One of the pupils was also found guilty of bringing the school into disrepute and “threatening an educator” arising from a post on his Facebook page (distributed to 319 friends) stating, “So ya schools are opening … tym to skeem up things to do to my English teacher this term … feeling happy”.

One of the pupils, Lungelo Cebekhulu, turned 18 on March 18, 2014, according to documents before court.

The other pupil will only turn 18 in July and his name cannot be published as he is still a minor.

According to the record of the disciplinary hearing, which forms part of the court papers, both pupils had “poor” academic records and low results in English. The teacher in question was described as a dedicated teacher, and a “small, elderly lady” aged 67, who had been giving the younger of the two extra lessons. After the incident she was reportedly “living in fear”.

The documents revealed that Cebekhulu had a history of bullying and aggressive behaviour.

According to Hellberg, a letter recommending that both pupils be expelled was hand-delivered to the Education Department offices on October 21 last year, but the head of the DOE has not endorsed the expulsions of the pupils and in fact “failed to take a decision” in the matter. He said in terms of the SA Schools Act, the head of department (HOD) had a duty to make a decision within 14 days. Because of his failure to do so, the pupils are still at school without any sanctions imposed on them.

“The result is that fellow pupils and staff members feel vulnerable and this creates uncertainty as far as the governance [of the school] is concerned,” he said. “Pupils and staff feel they have no protection whatsoever as the second respondent’s (HOD, Dr Nkosinathi Sishi’s) failure to take steps sends out a message … that he does not regard the offences of which the pupils were convicted as serious enough to even apply his mind to the matter,” said Hellberg.

He said the only alternative remedy available to the school is to suspend the pupils for 14 days pending the HOD’s decision, detention or giving them additional homework.

He said it appears that Sishi has taken a decision not to endorse expulsions in public schools at all. “Such an attitude adopted by [him] places an unbearable amount of stress, tension and fear upon educators,” he added.

“It most certainly jeopardises the safety of the other pupils, who have a constitutional right to receive education in a peaceful environment without fear or intimidation,” said Hellberg.

He submitted that Sishi’s attitude will “breed a culture of delinquent pupils” and threaten the entire education system in the province.

The department noted its intention to oppose the application.

Yesterday the matter was postponed by agreement to an indefinite date. The department must, however, file replying papers by April 15, failing which the school will be entitled to re-enrol the application on the unopposed court roll after giving three days’ notice.

Expulsion in public schools

Dr Sishi comments on the policy concerning the expulsion of pupils in public schools: “Children’s rights are human rights. When we expel a child, we must have established systems for behavioural change.

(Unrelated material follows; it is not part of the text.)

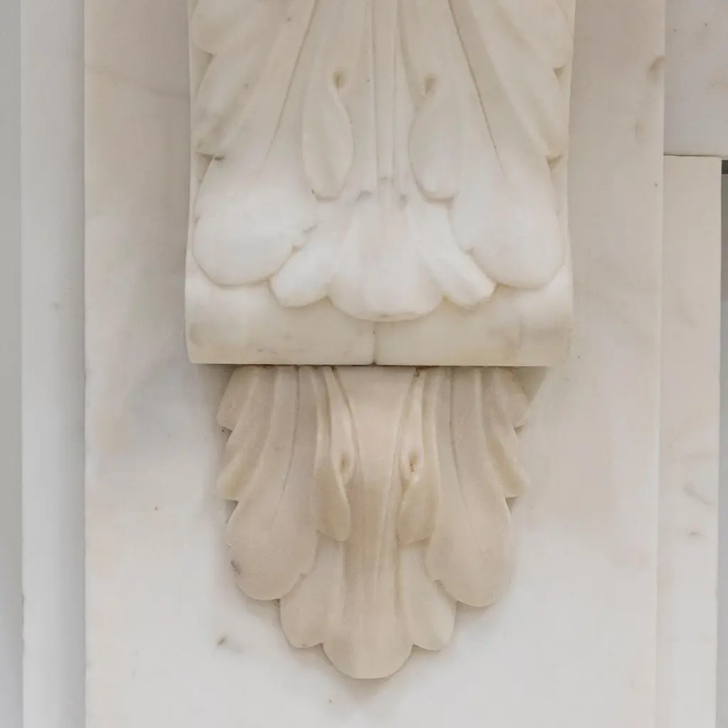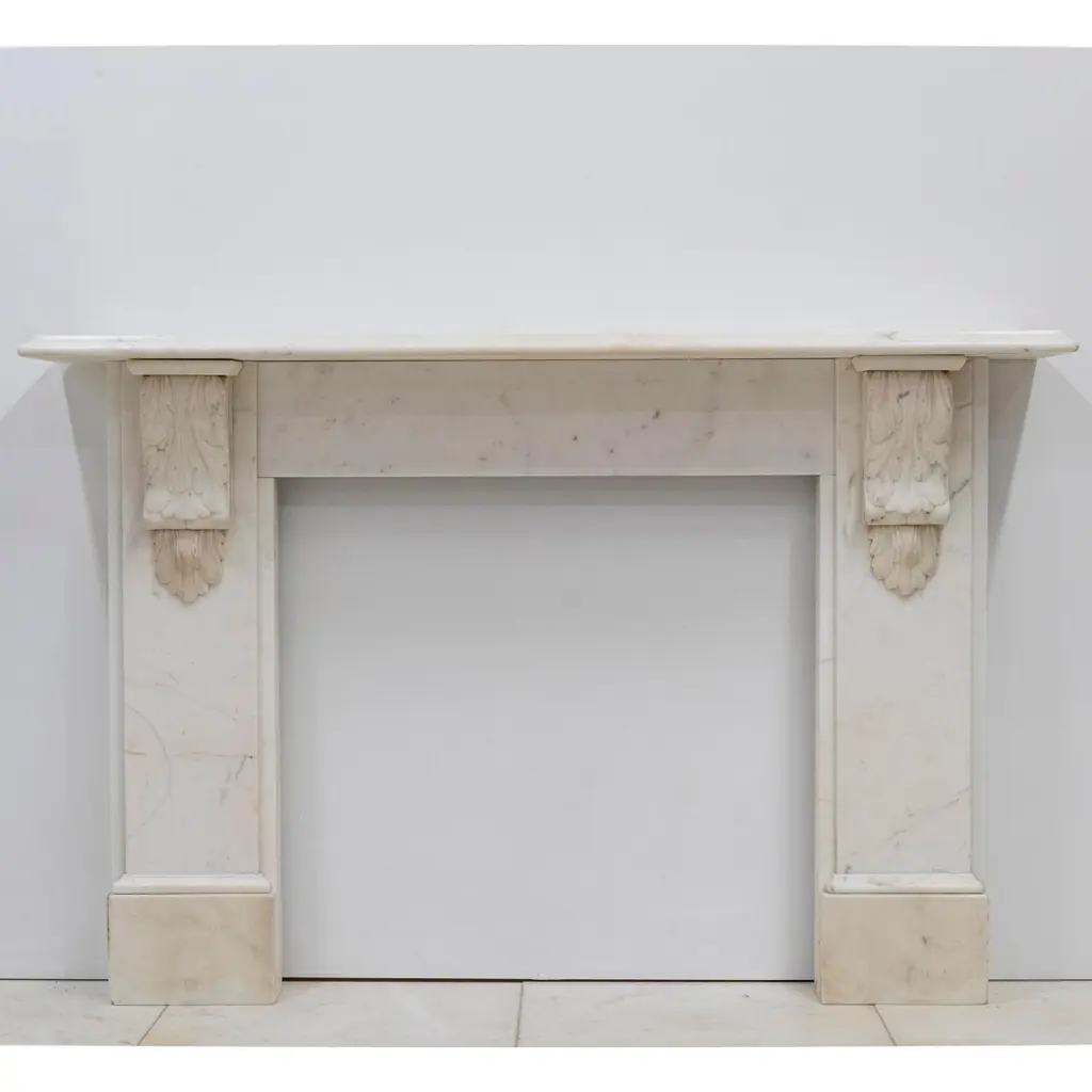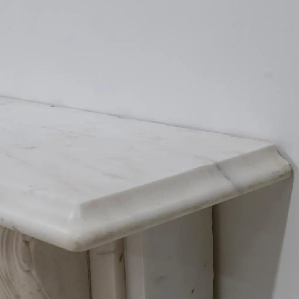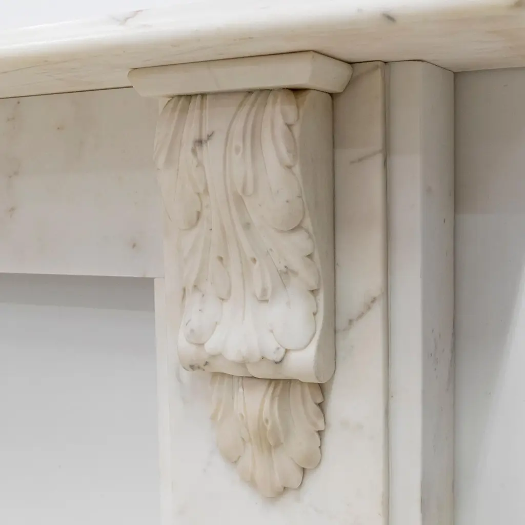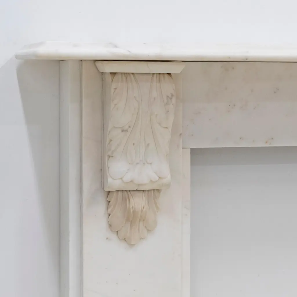 This refined early Victorian chimneypiece, crafted from fine Italian Carrara marble, showcases intricately carved corbels with foliage motifs, a large bevelled shelf rests atop.A magnificent fireplace surround, perfectly illustrating the superior design and craftsmanship celebrated during the Victorian era.DimensionsShelf: 178cm width x 31cm depthOverall height: 117cmOpening: 96cm width x 93cm heightWidth of Jambs: 29cm Dimensions are approximate.
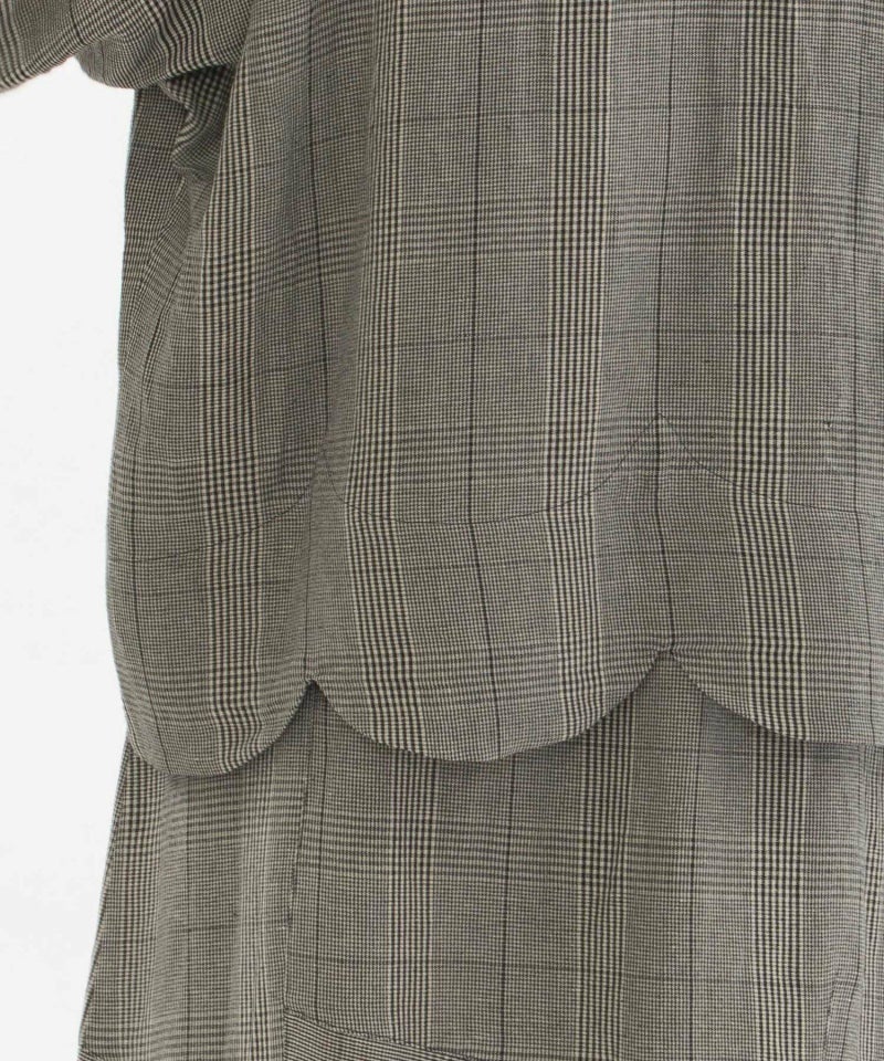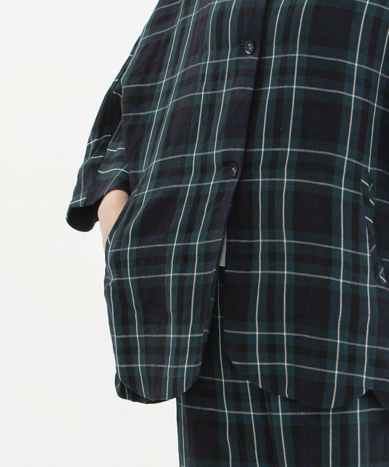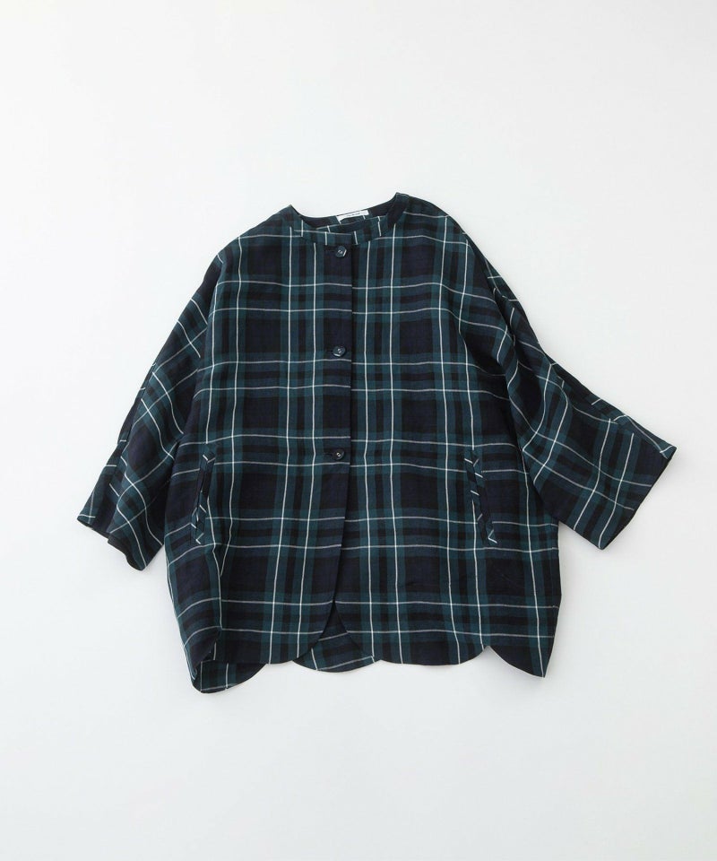 さらっと羽織れるドルマンスリーブのボリュームで大人の抜け感があるジャケット。裾のラインをスカラップにして甘さをプラスしました。素材は張りと落ち感、微光沢があり、カジュアルだけでなくきれいめにも活躍するリネンレーヨン。ブラック、グレンチェック、ブラックウォッチの3色展開です。お袖は8分袖、両サイドポケットつき。

“Parents must be consulted and due process must be followed. However, in the event it is proven beyond any doubt that the continued presence of a child undermines the rights of other children, and that our teachers are interrupted unduly in their professional duties, we have to remove the child and place him at an appropriate facility for corrective justice. Of the 18 requests we received last year, 13 were approved.

“Going to court is discouraged. Rather, more effort to preparing our children for a better tomorrow (is needed).”